Implement code interpreter using chatglm

background

Before starting the article, you can first introduce what a code interpreter is. In practical terms, the so-called code interpreter allows the llm model to execute the code immediately and use the execution results as materials for the next round of model generation. There are two keywords here: "execute the code immediately" and "result as material". In fact, if llm does not have the ability to control the computer to obtain the execution result, and use the generated execution result as the material for the next round of control, it can only generate static code, then llm is still a static language generation model. But if llm can execute the generated code and get results, then llm is a controller and simulator. It can generate dynamic code connection according to needs, supplement the required materials, and make predictions and inferences about possible choices, making llm's ability directly Unlimited expansion; this is the value of code interpreter, which gives llm the ability to dynamically self-assemble, adjust possible combinations, and make precise and fuzzy simulation predictions for decision-making. In other words, llm has the ability to solve practical problems. Instead of just thinking metaphysically and giving some guiding theoretical copy, it can try it personally and completely connect the concrete implementation actions from the metaphysical to the metaphysical.

This is why the code interpreter only adds a function to make the generated code executable. Such a seemingly small change makes the big guys cheer for it. Of course, with the current ability of llm to generate code based on language and the code execution pass rate (whether the environment has packages or not), it is still far from a robust commercial system. Of course, the improvement of these capabilities requires comprehensive improvement of llm, and even the construction of a system to solve it; this must take time to settle and polish, and of course this is where the opportunity lies.

example:

1. Image generation, pass in the original image, instruct to generate the code for cutting out the portrait, the code interpreter processes the result, and then performs image2image generation on the image or fills in the background; the generated image is then used for line draft generation

2. Text generation. The text generated by llm has non-compliant multiple punctuation marks co-occurring. The instruction generates regular processing code, the code interpreter processes the results, and then the next step is text extraction or text rewriting.
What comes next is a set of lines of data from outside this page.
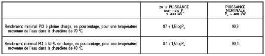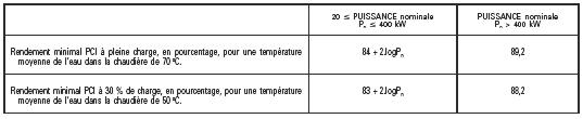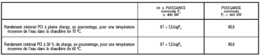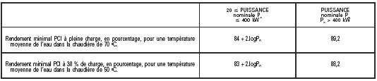 Lorsque la totalité de l'installation de chauffage à combustible liquide ou gazeux est réalisée, la nouvelle chaudière doit également respecter les exigences du tableau ci-dessus et les radiateurs doivent être adaptés au fonctionnement à basse température.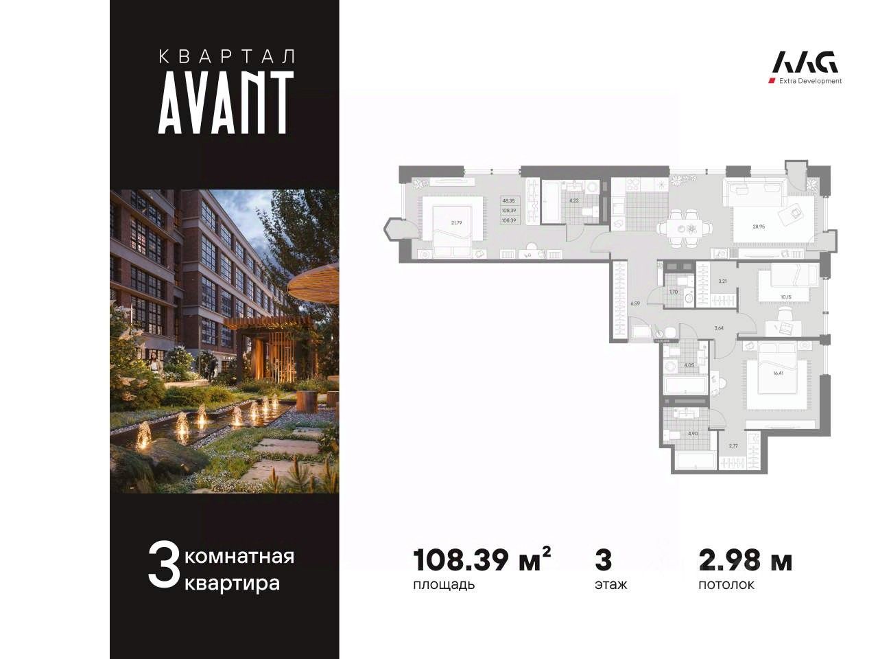 В историческом центре с особой атмосферой Петроградской стороны представлена 3-х комнатная квартира на 3 этаже общей площадью 108.39 кв.м. В корпусе KLASSIK представлены уникальные квартиры для ценителей формата премиум. Пространство вокруг дома вариативно и открывает возможности для отдыха всей семьей на природе. В корпусе расположена зеленая гостиная - полуприватная зона на 2-4 человека с деревянными креслами и диваном, а также детская площадка, интегрированная в сосны. Мультиформатный AVANT соединил вайб Петроградской стороны, индустриальный колорит и уникальную историю локации, органическую архитектуру и множество форматов жилой, коммерческой, сервисной, развлекательной и социальной инфраструктуры, сократив высоту и объем застройки в пользу природных зон, променадов и частного парка. Элитный жилой комплекс располагается в окружении самых престижных заведений и ключевых транспортных артерий Петербурга. AVANT придется по душе тому, кто имеет внутреннюю силу и свободу от стереотипов. Главным общественным пространством и инфраструктурной артерией квартала станет пешеходный променад протяженностью 200 метров для отдыха в привычном для каждого формате. Здесь кафе, рестораны и бутики, фитнес-центр и детские площадки чередуются с уединенными зонами отдыха, окруженными зеленью. Уникальные форматы жилья созданы на основе конструктивных особенностей исторического здания фабрики. Особенности классического лофта задают вариативность форматов: - Индустриальный шик с толщиной стен до 1 метра; - Панорамные окна; - Многоуровневые пространства; - Воздушные антресольные этажи. Такого в Петербурге еще нет. В новом проекте ААG на Пионерской новые смыслы, новые возможности, смелые решения. AVANТ - вaша вcеленная Livе Wоrk Рlay Lеarn для жизни, отдыха и paбoты. - Семейная ипотека 4,3% на весь период кредитования - Траншевая ипотека с платежом 2013 рублей в месяц до ввода в эксплуатацию - Программы рассрочки 0% без удорожания стоимости квартиры - Эксклюзивная опция - отделка WHITE BOX.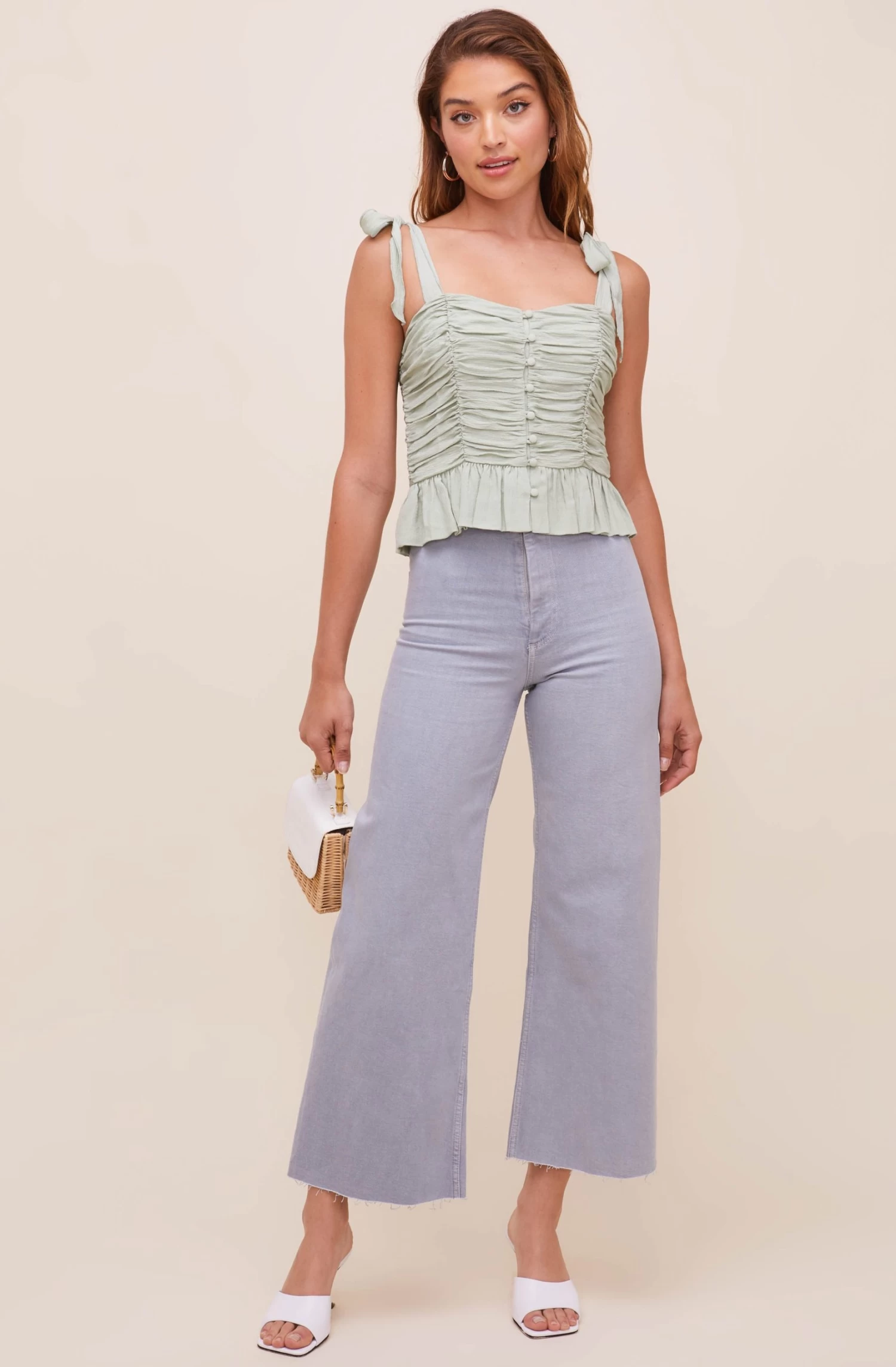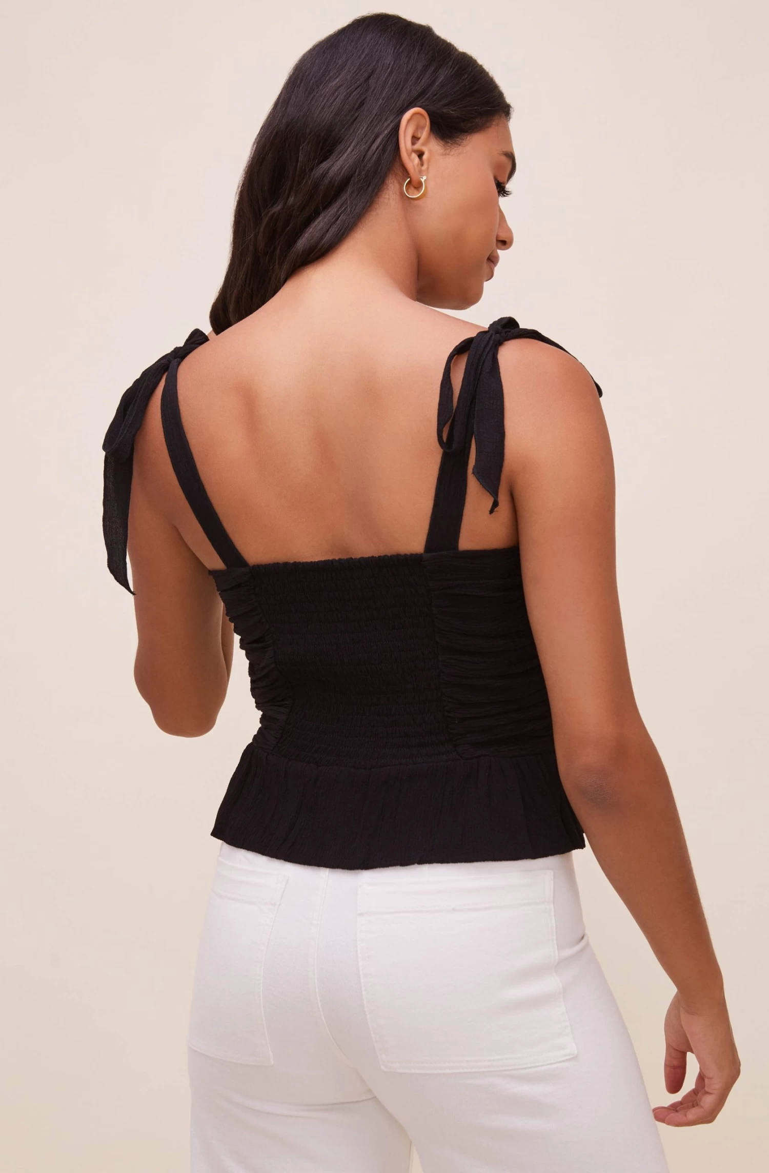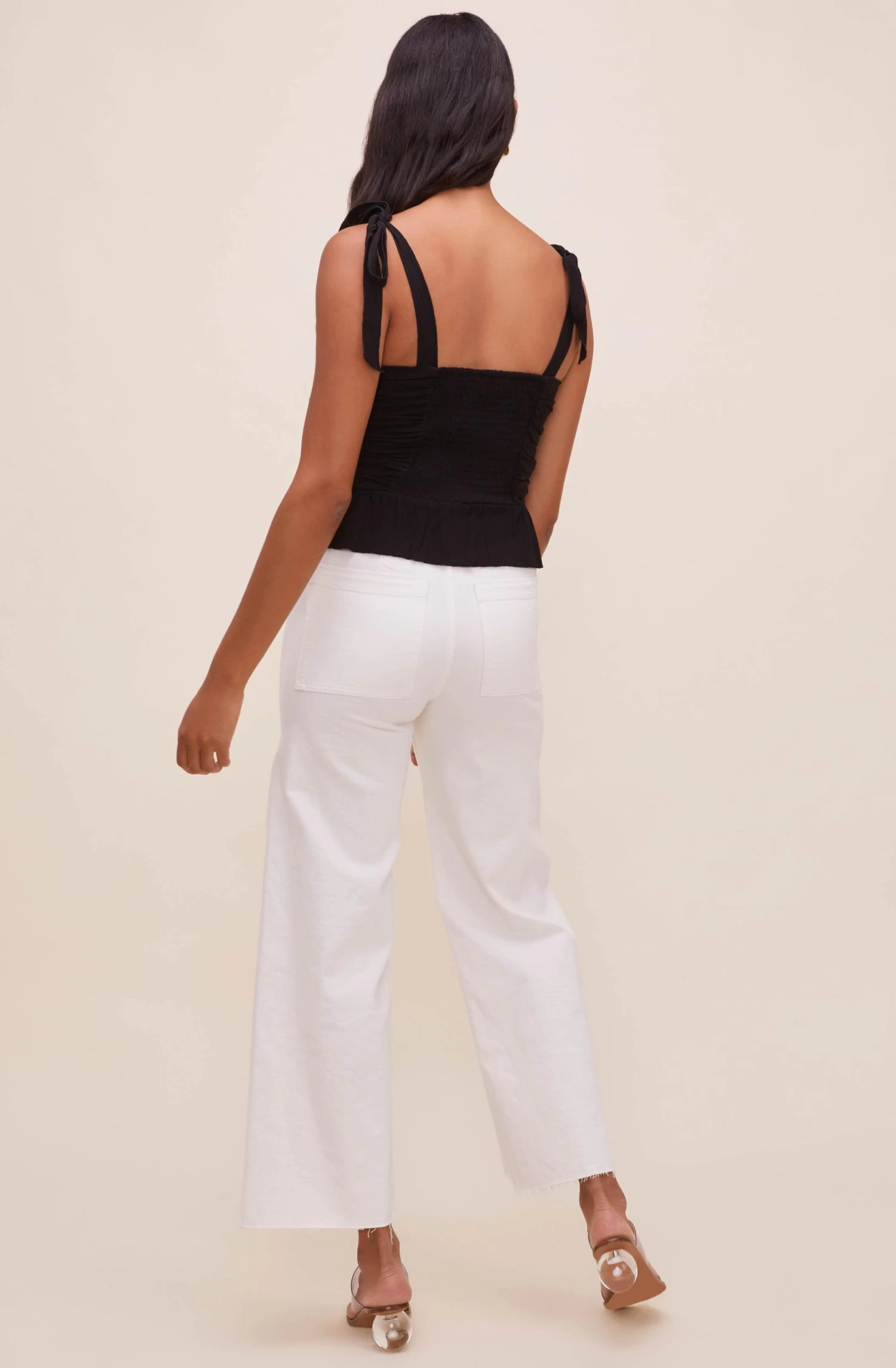 The Duffy Top features a stunning sweetheart neckline that leads to a ruched bodice and buttoned front. Tying straps. Subtle peplum hem. Smocked back.

3. Combine text and pictures, generate text and pictures and calculate the similarity. If it is not suitable, let llm control the picture to continue to generate until it meets the expectations. You can even make style judgments on the generated pictures before and after to ensure that the style of the before and after is consistent.

Technical points

To achieve the ability to execute the generated code immediately, llm needs to be able to interpret, compile, and convert the generated code into machine code for execution. Then for the compilation and execution of the code, each language actually has a compiler and executor. If we can send the code to the compiler and executor of the corresponding language, then the code can control the CPU calculation results. To achieve such a capability, there are at least 4 ways (using python language as an example):

1. Use python's exec method to set up a flask service for this python interpreter. The code generated by llm is passed to the server as a parameter, and the execution result is returned to the llm server.

2. Use the python interpreter method to implement it. Start a server to connect to llm to generate the code. After execution, the result is returned to the llm server.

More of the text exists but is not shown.